We have around 10 pineapple plants grown from tops that were gifted to us. I’d estimate them to be up to a year old. The biggest one just started to flower and/or fruit, in mid August, photo at the top of the page.

Second week in August and this was a big surprise in the tropical food garden – our first pineapple is flowering and presumably fruiting. Everything I’d read on growing pineapples suggested forcing them into fruit. This one started naturally, All of our pineapple plants were grown from tops.

In the next year another plant started to flower. Maybe August is their month to start producing in our climate. The next year, 4 pineapple plants simultaneously started flowering in the first couple of weeks of August.

Sweet Potato

August in the tropical food garden, our first sweet potato flower. We’ve been eating leaves from these few plants for weeks. Treat them like spinach or any green, looks like garden critters have started eating them too., I found a green cricket of some sort munching these, he went to the chickens. RIP cricket.

Harvesting leaves for greens, planting more, partly as ground cover, mostly to eat the leaves. First flowers on the sweet potato plants – I don’t know if this signifies anything, but they’re pretty, pink and very much like the morning glory flowers to which they are closely related.


Bought semi- grown plants and seed. Both are in.

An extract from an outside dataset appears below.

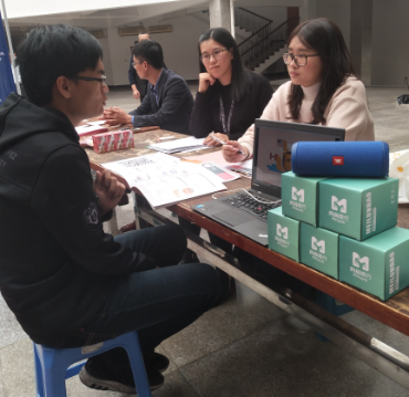 2019届毕业生参加招聘现场 beat365中文官方网站19届的毕业生们积极踊跃的参加了此次校园招聘会。招聘会现场秩序井然、人头攒动,毕业生积极向企业咨询求职应聘相关事宜。企业负责人员详尽的介绍还吸引了一些非毕业班学生前来驻足聆听,使他们提前体验就业招聘的真实环境。

Harvesting small leaves from kale for salad throughout August Also sewed seeds of two other varieties of kale.

Kale seems to enjoy the weather getting warmer in August, but grew fine right through the winter months.


Since first sewing rocket seeds in the garden in its first year, we’ve never once been short of rocket. It just keeps coming as we harvest individual leaves, in large quantities, to add to salad. We used to buy a bulk lettuce from the store and add kale leaves and rocket leaves for flavour. Now we grow our own lettuces and it grows well in the cooler months and into August with shade. We’ve seen rocket at most times of year and it’s always germinated and grown well.

Lettuce and rocket will bolt above 25C, about now, without shade. The mizuna has started to bolt, I don’t have it shaded.


We sewed radish seed in August. I’ve never liked radish in a salad, but we just learned you can roast them, so let’s give it a go!

We have grown radish successfully right through winter in the tropics, larger daikon types are our favourite for fermenting and for their green tops.

Silver Beet

We bought silverbeet seedlings from a commercial home store and discovered that we really don’t like the taste. This muddy-tasting leaf is one we won’t bother growing again.